[Records drawn from a dataset]
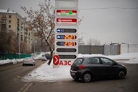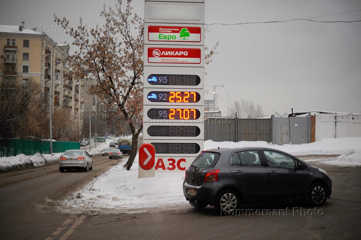 Жанровая фотография. Рекламный стенд компании "Лукойл" на автозаправке с указанием цен на марки…
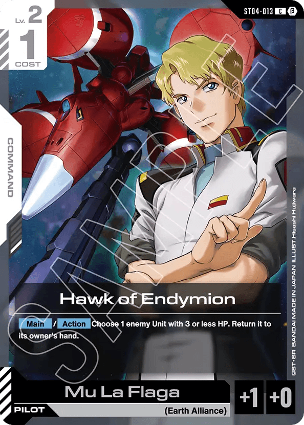 - [Main]/[Action] Choose 1 enemy Unit with 3 or less HP. Return it to its owner's hand. — [Pilot] [Mu La Flaga]
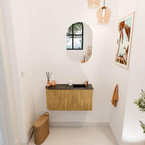 Le meuble se distingue immédiatement par son élégant arrondi à gauche et la couleur chaude chêne qui donne un aspect naturel. Cela crée un design intemporel qui s'adapte facilement à différents styles d'intérieur, du moderne au classique. La vasque couleur lava ajoute un élément robuste et contemporain, donnant à l'ensemble une apparence unique. Ainsi, vous créez une salle de bains ou un toilette qui n'est pas seulement pratique, mais qui impressionne aussi vraiment vos invités.
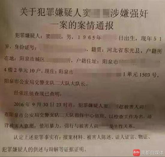 網(wǎng)傳通報顯示,竇某某,男,1965年生,現(xiàn)任陽泉市公安局交警支隊二大隊大隊長,經(jīng)依法偵查查明:2016年9月30日23時許,竇某某趁尚某某在二大隊指揮中心值班,以檢查工作為名,違背尚某某意愿,使用暴力,強行與其發(fā)生性關(guān)系。認(rèn)定上述犯罪事實有報案材料、被害人陳述、證人證言、物證、竇某某的供述與辯解等證據(jù)證明。
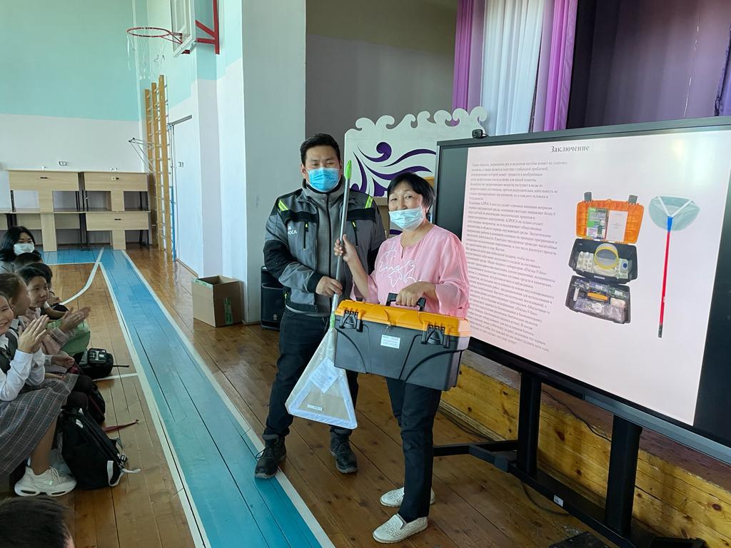 «К нам приехали специалисты Экологического центра АЛРОСА, которые провели классный час по основам экологической грамотности. В конце классного часа нашей школе подарили мобильную аналитическую лабораторию, а учащиеся получили ценные подарки – рюкзаки, сенсорные перчатки, аккумуляторы для телефонов, термокружки. А по завершении мы все отправились на уборку берега реки Вилюй.
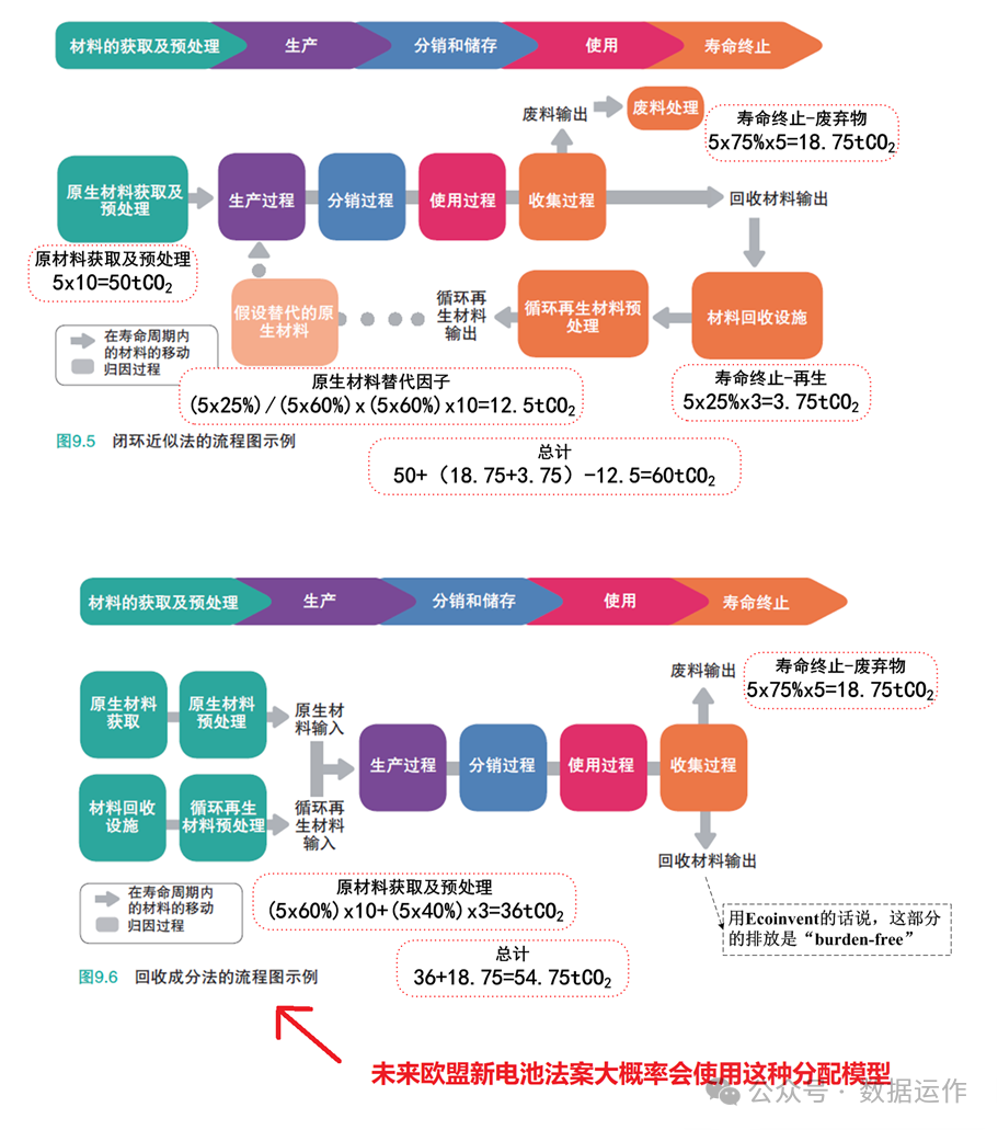 GBA電池護(hù)照的配套碳足跡核算規(guī)則對(duì)于資源循環(huán)利用情況下的分配模型(End-of-life and recycling rules)給出了詳細(xì)的解釋?zhuān)⑶覍?zhuān)門(mén)發(fā)布了分配模型的指南。對(duì)于碳排放在不同產(chǎn)品之間的分?jǐn)偅步o出了比ISO14044更詳細(xì)的原則(雖然在實(shí)踐中仍然可能出現(xiàn)問(wèn)題)。

Exercise
Beginning at the line that holds "- [Main]/[Action] Choose" and ending with the last line of the entries, please set down each line exactly, leaving every picture out.

Answer to the exercise
 - [Main]/[Action] Choose 1 enemy Unit with 3 or less HP. Return it to its owner's hand. — [Pilot] [Mu La Flaga]
 Le meuble se distingue immédiatement par son élégant arrondi à gauche et la couleur chaude chêne qui donne un aspect naturel. Cela crée un design intemporel qui s'adapte facilement à différents styles d'intérieur, du moderne au classique. La vasque couleur lava ajoute un élément robuste et contemporain, donnant à l'ensemble une apparence unique. Ainsi, vous créez une salle de bains ou un toilette qui n'est pas seulement pratique, mais qui impressionne aussi vraiment vos invités.
 網(wǎng)傳通報顯示,竇某某,男,1965年生,現(xiàn)任陽泉市公安局交警支隊二大隊大隊長,經(jīng)依法偵查查明:2016年9月30日23時許,竇某某趁尚某某在二大隊指揮中心值班,以檢查工作為名,違背尚某某意愿,使用暴力,強行與其發(fā)生性關(guān)系。認(rèn)定上述犯罪事實有報案材料、被害人陳述、證人證言、物證、竇某某的供述與辯解等證據(jù)證明。
 «К нам приехали специалисты Экологического центра АЛРОСА, которые провели классный час по основам экологической грамотности. В конце классного часа нашей школе подарили мобильную аналитическую лабораторию, а учащиеся получили ценные подарки – рюкзаки, сенсорные перчатки, аккумуляторы для телефонов, термокружки. А по завершении мы все отправились на уборку берега реки Вилюй.
 GBA電池護(hù)照的配套碳足跡核算規(guī)則對(duì)于資源循環(huán)利用情況下的分配模型(End-of-life and recycling rules)給出了詳細(xì)的解釋?zhuān)⑶覍?zhuān)門(mén)發(fā)布了分配模型的指南。對(duì)于碳排放在不同產(chǎn)品之間的分?jǐn)偅步o出了比ISO14044更詳細(xì)的原則(雖然在實(shí)踐中仍然可能出現(xiàn)問(wèn)題)。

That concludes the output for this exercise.